### Task to carry out
Scan the material below and copy every line holding the word "were".

========================================================================

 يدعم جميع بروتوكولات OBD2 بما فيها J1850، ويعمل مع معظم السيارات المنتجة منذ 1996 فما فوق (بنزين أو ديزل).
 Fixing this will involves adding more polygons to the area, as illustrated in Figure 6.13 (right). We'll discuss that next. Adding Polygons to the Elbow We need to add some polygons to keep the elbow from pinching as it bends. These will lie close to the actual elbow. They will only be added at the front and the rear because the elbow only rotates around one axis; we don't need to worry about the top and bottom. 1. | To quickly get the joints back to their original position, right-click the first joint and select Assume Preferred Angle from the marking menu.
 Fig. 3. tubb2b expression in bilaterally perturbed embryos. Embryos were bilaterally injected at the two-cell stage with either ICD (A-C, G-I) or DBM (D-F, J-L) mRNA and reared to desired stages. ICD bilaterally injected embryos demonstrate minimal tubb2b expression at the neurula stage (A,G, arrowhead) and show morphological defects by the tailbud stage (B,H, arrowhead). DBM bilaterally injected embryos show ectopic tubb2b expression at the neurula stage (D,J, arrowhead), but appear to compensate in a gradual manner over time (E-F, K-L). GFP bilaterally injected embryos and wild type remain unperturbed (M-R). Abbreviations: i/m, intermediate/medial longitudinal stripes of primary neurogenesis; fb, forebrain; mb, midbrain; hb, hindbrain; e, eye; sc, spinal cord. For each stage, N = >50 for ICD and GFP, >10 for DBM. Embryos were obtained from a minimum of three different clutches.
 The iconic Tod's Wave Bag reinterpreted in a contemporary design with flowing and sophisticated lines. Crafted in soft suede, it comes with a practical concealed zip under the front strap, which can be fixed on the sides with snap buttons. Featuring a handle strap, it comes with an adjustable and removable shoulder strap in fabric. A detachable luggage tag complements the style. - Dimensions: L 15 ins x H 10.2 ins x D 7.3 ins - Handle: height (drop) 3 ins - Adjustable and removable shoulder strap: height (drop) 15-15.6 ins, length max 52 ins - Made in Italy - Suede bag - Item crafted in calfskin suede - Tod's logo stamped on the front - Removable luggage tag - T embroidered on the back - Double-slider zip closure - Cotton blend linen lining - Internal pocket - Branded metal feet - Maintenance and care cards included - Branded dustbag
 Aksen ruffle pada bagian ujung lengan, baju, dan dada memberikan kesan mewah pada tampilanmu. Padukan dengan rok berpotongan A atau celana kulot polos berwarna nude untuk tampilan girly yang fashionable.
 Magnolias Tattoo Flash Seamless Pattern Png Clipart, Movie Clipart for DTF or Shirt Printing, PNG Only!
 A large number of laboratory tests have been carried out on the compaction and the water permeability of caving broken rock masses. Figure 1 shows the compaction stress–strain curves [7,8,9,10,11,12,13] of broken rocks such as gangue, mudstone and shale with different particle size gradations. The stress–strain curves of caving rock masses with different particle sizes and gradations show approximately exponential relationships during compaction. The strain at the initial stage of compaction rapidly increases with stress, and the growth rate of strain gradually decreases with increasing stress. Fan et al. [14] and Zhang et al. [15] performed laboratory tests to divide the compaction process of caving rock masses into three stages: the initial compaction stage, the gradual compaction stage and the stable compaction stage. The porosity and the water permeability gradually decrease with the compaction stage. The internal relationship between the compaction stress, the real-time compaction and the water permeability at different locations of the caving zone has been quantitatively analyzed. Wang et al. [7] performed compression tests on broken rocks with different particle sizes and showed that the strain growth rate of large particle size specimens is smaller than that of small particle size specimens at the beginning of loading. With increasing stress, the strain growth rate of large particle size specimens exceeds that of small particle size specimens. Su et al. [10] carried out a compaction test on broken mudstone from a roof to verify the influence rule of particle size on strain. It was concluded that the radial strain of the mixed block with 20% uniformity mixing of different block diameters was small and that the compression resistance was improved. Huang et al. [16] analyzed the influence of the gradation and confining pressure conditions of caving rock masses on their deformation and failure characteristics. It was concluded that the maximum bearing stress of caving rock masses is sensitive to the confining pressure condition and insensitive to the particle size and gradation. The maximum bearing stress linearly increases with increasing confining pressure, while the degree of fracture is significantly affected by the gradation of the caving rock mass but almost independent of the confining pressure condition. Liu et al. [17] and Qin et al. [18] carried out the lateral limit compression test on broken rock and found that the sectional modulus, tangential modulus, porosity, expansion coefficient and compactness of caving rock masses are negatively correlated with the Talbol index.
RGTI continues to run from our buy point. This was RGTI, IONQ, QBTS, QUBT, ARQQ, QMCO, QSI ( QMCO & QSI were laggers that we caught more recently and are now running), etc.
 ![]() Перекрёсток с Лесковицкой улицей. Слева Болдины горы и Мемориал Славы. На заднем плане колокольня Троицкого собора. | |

========================================================================

### Your solution
 Fig. 3. tubb2b expression in bilaterally perturbed embryos. Embryos were bilaterally injected at the two-cell stage with either ICD (A-C, G-I) or DBM (D-F, J-L) mRNA and reared to desired stages. ICD bilaterally injected embryos demonstrate minimal tubb2b expression at the neurula stage (A,G, arrowhead) and show morphological defects by the tailbud stage (B,H, arrowhead). DBM bilaterally injected embryos show ectopic tubb2b expression at the neurula stage (D,J, arrowhead), but appear to compensate in a gradual manner over time (E-F, K-L). GFP bilaterally injected embryos and wild type remain unperturbed (M-R). Abbreviations: i/m, intermediate/medial longitudinal stripes of primary neurogenesis; fb, forebrain; mb, midbrain; hb, hindbrain; e, eye; sc, spinal cord. For each stage, N = >50 for ICD and GFP, >10 for DBM. Embryos were obtained from a minimum of three different clutches.
RGTI continues to run from our buy point. This was RGTI, IONQ, QBTS, QUBT, ARQQ, QMCO, QSI ( QMCO & QSI were laggers that we caught more recently and are now running), etc.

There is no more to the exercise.